After booking my trip to Hawaii the other day, I started thinking about the last time BF and I were in Hawaii.  I remember we rented a car, a GPS, and paid for car rental insurance.  What started off really cheap (free day of rental car with the Go Oahu Card) ended adding up to $50 a day.  Good thing we rented it for only one day. I definitely won’t be doing that again this time (buying car rental insurance, I mean).

How did this happen?

Well, the GPS cost $11.99 per day (she was invaluable- I think a lot more arguments would have cropped up were it not for the GPS telling us where to go.  I must admit I’m not a very good navigator.

The car rental insurance cost us $30 a day.  We really thought car rental insurance would be crucial because the last thing  you want is to have your trip ruined by a motor vehicle accident.  Even a little dent could cost us hundreds of dollars to pay back to the car rental company.

Contrary to popular belief, car rental insurance isn’t actually insurance. It is the coverage of the deductible should the car rental be in a collision causing damage.

Then one day as I was reading my credit card agreement for fun (yes, sadly, reading credit card agreements are my form of entertainment), I came across some of the “perks” of my MBNA Platinum Plus credit card.  One of them was that car rental insurance was included, provided that you pay for the car rental (or portion of it) with the credit card.  Namely this was labeled as “Supplemental Auto Rental Collision Damage“.  It isn’t insurance, but it helps eliminate the high deductible that you would have to pay should the rental car be in an accident causing damage.

One has to keep in mind that if you say “yes” to the car rental company’s deductible coverage and PAY the $20-$30 a day extra, you say “adios” to any extra coverage that your credit card company might offer.  So it’s either one or the other, not both.

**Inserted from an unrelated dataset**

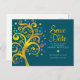 Postal De Invitación Bat Mitzvah salva el árbol de oro Verde azulado de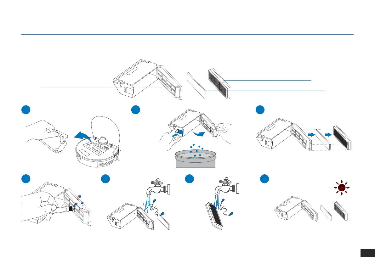 3. Be sure to dry out the filter for at least 24 hours after washing.

Therefore, it is probably a better idea to save yourself the $30/day and pay for your car rental with your credit card.  The rental car company might ask to keep your credit card on file/with them in their office so that they can use it should you damage the vehicle.  It’s best to bring two credit cards on your trip (I’ve learned this the hard way on my travels- got a call from the Mastercard company one time in South America to notify me that my credit card seemed to be compromised and they will mail me one at home in a few weeks).

If you end up in an accident, the rental car company could charge your card.  You will then need to contact your credit card company (and although it is a laborious and annoying process- it’s worth it to save your money) to submit documents etc. in order to get your claim approved.

Best to check with your credit card company to see how much the coverage is for your rental car before you rent the car.  Usually this extra coverage from the credit card company is with “platinum” cards, “gold” cards etc., so don’t expect the credit card you got approved for while you were a student to give you this perk.  Peace of mind when it comes to traveling is a good thing.

After talking to some of my friends who often rent cars, they were aware that rental car insurance is a “scam” and that most credit card companies can help you out.

Did you know about this?  Was I living under a rock again? At least I know now- I won’t be buying any car rental coverage this time around in Hawaii (but will check with the credit card company first before I go).  I know that credit cards can be a dual edged sword, but I think that if you pay them off with discipline and don’t carry a balance, they can be a great personal finance tool to have.